# Provided entries:
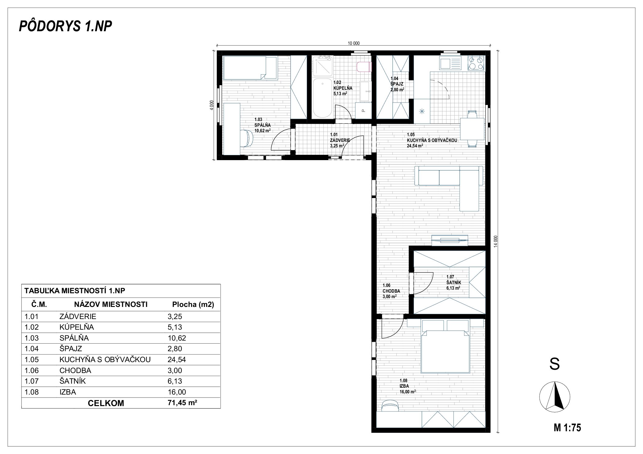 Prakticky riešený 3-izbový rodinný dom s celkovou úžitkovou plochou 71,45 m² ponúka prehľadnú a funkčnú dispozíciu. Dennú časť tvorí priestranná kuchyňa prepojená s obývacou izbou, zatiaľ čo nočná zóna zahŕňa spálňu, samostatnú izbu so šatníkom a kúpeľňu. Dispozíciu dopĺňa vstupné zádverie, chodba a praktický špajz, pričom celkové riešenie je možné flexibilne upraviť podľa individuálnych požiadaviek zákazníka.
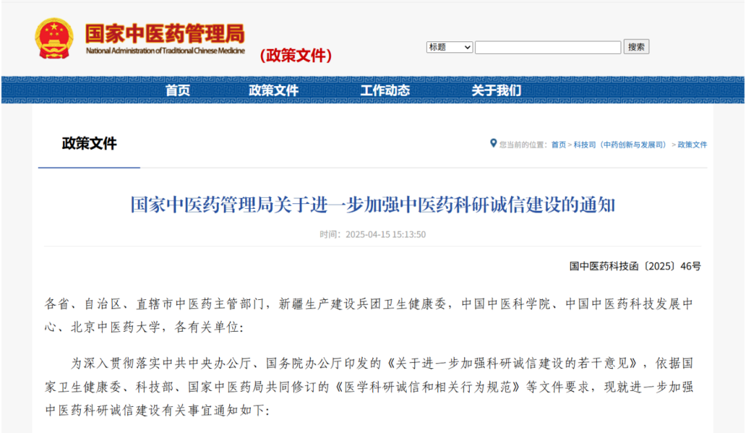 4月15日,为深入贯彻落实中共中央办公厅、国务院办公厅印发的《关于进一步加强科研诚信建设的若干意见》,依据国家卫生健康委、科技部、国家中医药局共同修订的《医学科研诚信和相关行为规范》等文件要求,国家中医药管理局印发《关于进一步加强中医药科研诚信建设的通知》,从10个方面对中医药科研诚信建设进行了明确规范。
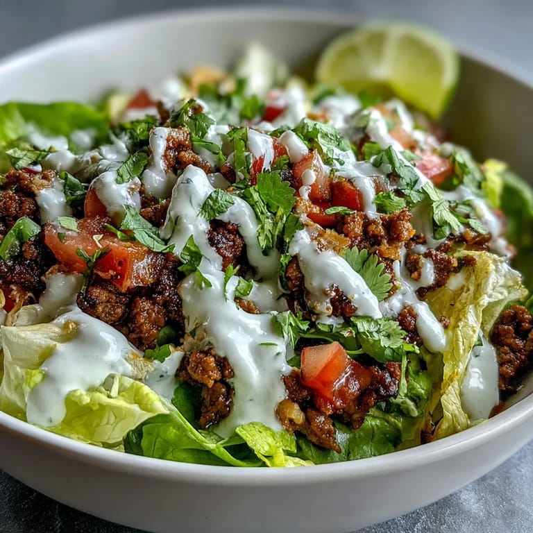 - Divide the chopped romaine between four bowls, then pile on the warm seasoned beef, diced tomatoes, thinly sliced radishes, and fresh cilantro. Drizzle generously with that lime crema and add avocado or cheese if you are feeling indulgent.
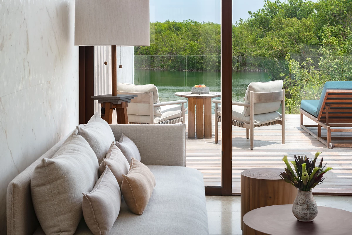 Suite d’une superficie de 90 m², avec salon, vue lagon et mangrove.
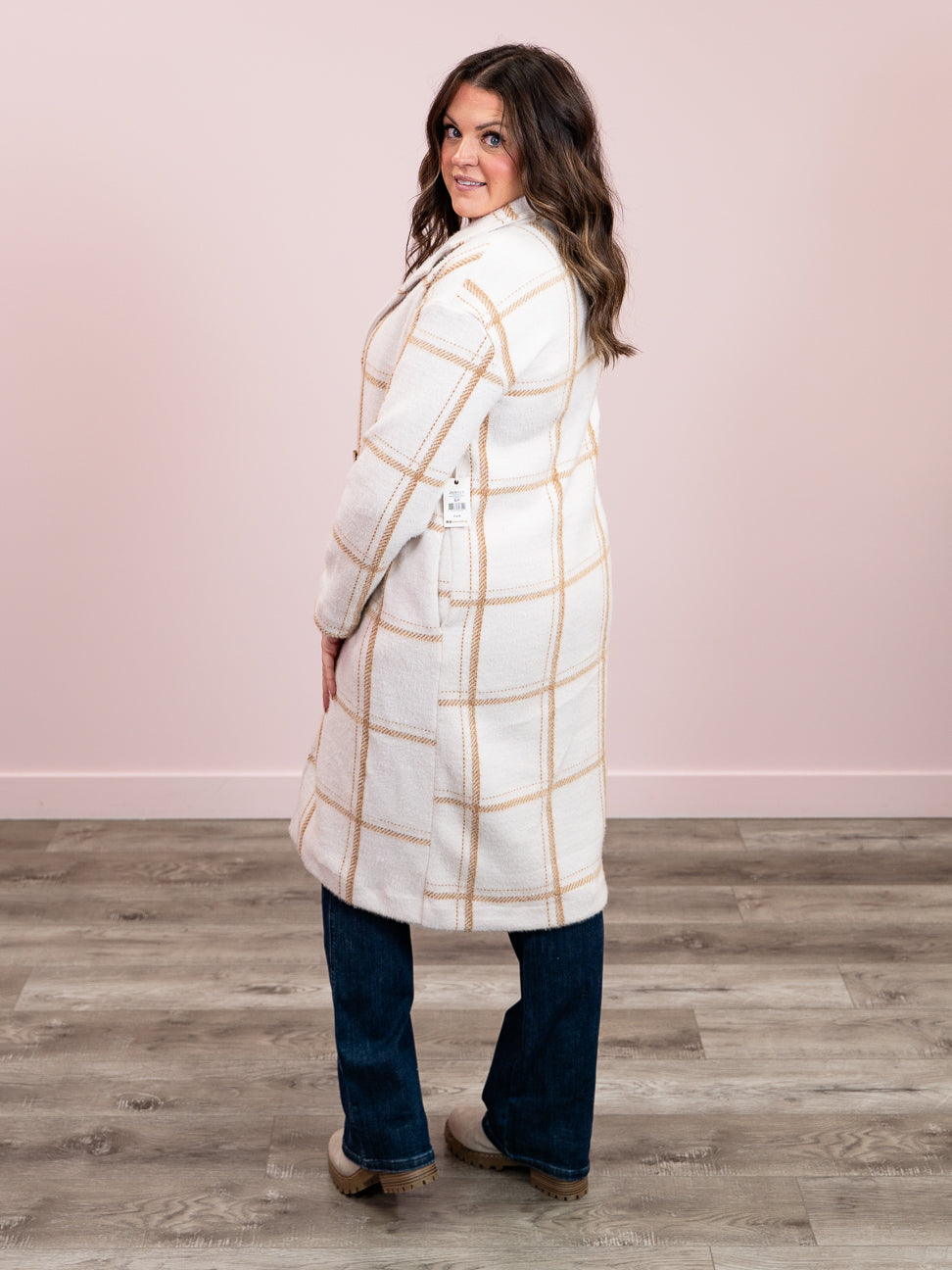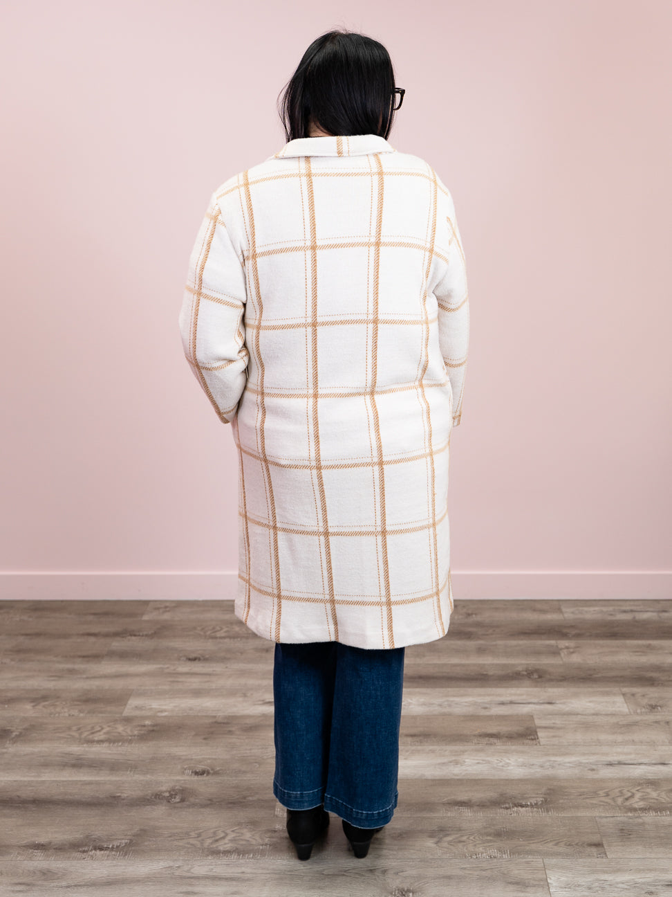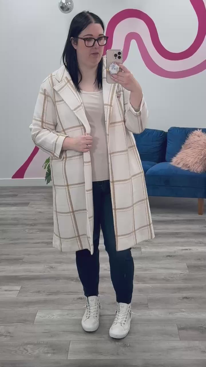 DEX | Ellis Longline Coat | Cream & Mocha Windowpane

--

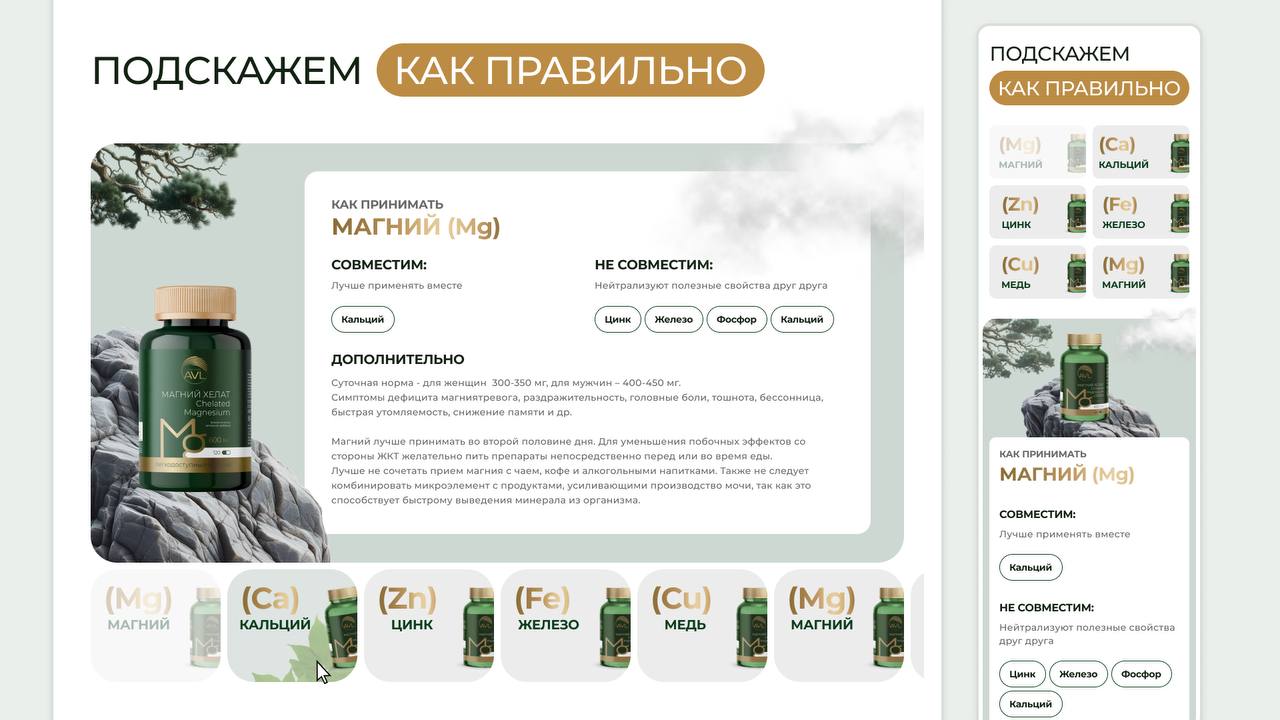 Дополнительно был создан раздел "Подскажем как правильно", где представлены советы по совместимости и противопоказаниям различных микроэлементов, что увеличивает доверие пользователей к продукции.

--

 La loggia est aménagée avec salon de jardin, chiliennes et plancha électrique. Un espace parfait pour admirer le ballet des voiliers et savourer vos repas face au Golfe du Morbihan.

# Task brief:
The lines to copy exactly start with the line above that has "4月15日,为深入贯彻落实中" and go on through the line that has "DEX | Ellis"; please include both, add nothing else, and omit the pictures.

# Solution to the exercise:
 4月15日,为深入贯彻落实中共中央办公厅、国务院办公厅印发的《关于进一步加强科研诚信建设的若干意见》,依据国家卫生健康委、科技部、国家中医药局共同修订的《医学科研诚信和相关行为规范》等文件要求,国家中医药管理局印发《关于进一步加强中医药科研诚信建设的通知》,从10个方面对中医药科研诚信建设进行了明确规范。
 - Divide the chopped romaine between four bowls, then pile on the warm seasoned beef, diced tomatoes, thinly sliced radishes, and fresh cilantro. Drizzle generously with that lime crema and add avocado or cheese if you are feeling indulgent.
 Suite d’une superficie de 90 m², avec salon, vue lagon et mangrove.
 DEX | Ellis Longline Coat | Cream & Mocha Windowpane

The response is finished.